I hate rock, paper, scissors. I ALWAYS lose. Hence the gray hair.
Anyway, we have reached a point where our beloved Teen is about to venture out to get her G2 (part 2 of the graduated licensing system - with this part, she is entitled to drive alone, with certain restrictions). We thought today was that day, but she was mistaken, and it's actually next week.
There IS a God!!! She is upset over it (which I DO understand, and I DO feel for her. I do. For real. It's shitty to get your hopes and excitement built up for something, only to find out hours before the time that you're actually a week off). However, as
the owner of the car she is going to drive for this test, of which I will NOT be in during the testing process a freaked out Mom, I am glad of the extra week of practice (sort of - I need to get some more Depends though). After the "practicing" we did for hours yesterday, she actually showed much sign of improvement, and we only cried once (each), and we only almost died once (at the same time - HOLY SHIT!!). She just needs to practice a few things a few more times, and hopefully she'll nail this test.
Contrary to how it sounds, I DO want this for her. She needs this independence, and needs this accomplishment to help her self-esteem and confidence to grow. I also (sometimes) enjoy the fact that I can sit back and be the passenger, because she is definitely more than willing to take over the driving responsibilities. I am scared shitless of letting my daughter venture out on her own in a 1-ton
murder weapon vehicle with her inexperience and cocky "I'm invincible" attitude, but I'm even more afraid of all the other inexperienced, distracted, and all out bad drivers out there. That's my little girl, and it would tear our world up if something ever happened to her. SO...while I want this for her, I'm still very relieved for the extra week of 'protection' I've gained from this test date error, and I fully admit, I'm breathing easier. For now.

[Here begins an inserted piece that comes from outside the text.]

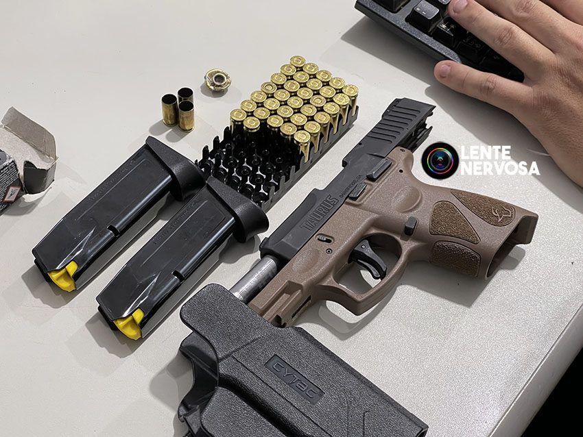 O homem foi até seu carro e pegou a pistola Taurus G2C e também efetuou alguns disparos. A Polícia Militar foi acionada e em frente ao bar foram encontrados três estojos de munição calibre 9mm além de um projétil.

Ask me again next week at this time, and I'll likely be whistling a different tune.
And ask me again in a few months when she is driving my car all over the place, and leaving it in the driveway with no gas in it. Or when she backs into or over something.
Good grief. I take it ALL back. I want to cancel this whole driving thing. I think she should stick to biking and walking.
While I sit here feeling as though I've dodged a bullet today, my darling Teen has just left the house to lick her wounds of disappointment with a trip to the beach: In a truck with her friend who already has her G2 (which she hasn't had all that long). GULP! Reality is, this is the new normal - she is among some of the youngest in her grade and peer group, so they ALL are getting their licenses before her.
So I ask myself, what is worse, your teenaged child being the driver of a car or being a passenger in a car driven by another teenager. And the answer to that is; I. NEED. A. DRINK. A stiff one at that.
I'm SO not ready for this. But whether "I'm" ready or not is irrelevant...it is happening, and I need to slap on a happy face, a pair of Depends, and enjoy the ride. And pray. A lot.